**Provided information**
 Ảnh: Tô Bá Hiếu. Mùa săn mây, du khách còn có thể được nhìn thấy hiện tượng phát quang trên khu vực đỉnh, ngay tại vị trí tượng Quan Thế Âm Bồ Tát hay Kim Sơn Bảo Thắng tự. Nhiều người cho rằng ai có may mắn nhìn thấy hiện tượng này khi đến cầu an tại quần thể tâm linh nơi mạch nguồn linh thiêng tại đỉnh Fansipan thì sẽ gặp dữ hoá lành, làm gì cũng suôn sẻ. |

...

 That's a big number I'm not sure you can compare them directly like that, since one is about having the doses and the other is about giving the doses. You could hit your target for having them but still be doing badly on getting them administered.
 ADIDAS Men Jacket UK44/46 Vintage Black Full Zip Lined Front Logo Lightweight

**Problem description**
Transcribe the records above from the line holding "That's a big" down to the line holding "ADIDAS Men Jacket", inclusive, without adding anything.

**Task solution**
 That's a big number I'm not sure you can compare them directly like that, since one is about having the doses and the other is about giving the doses. You could hit your target for having them but still be doing badly on getting them administered.
 ADIDAS Men Jacket UK44/46 Vintage Black Full Zip Lined Front Logo Lightweight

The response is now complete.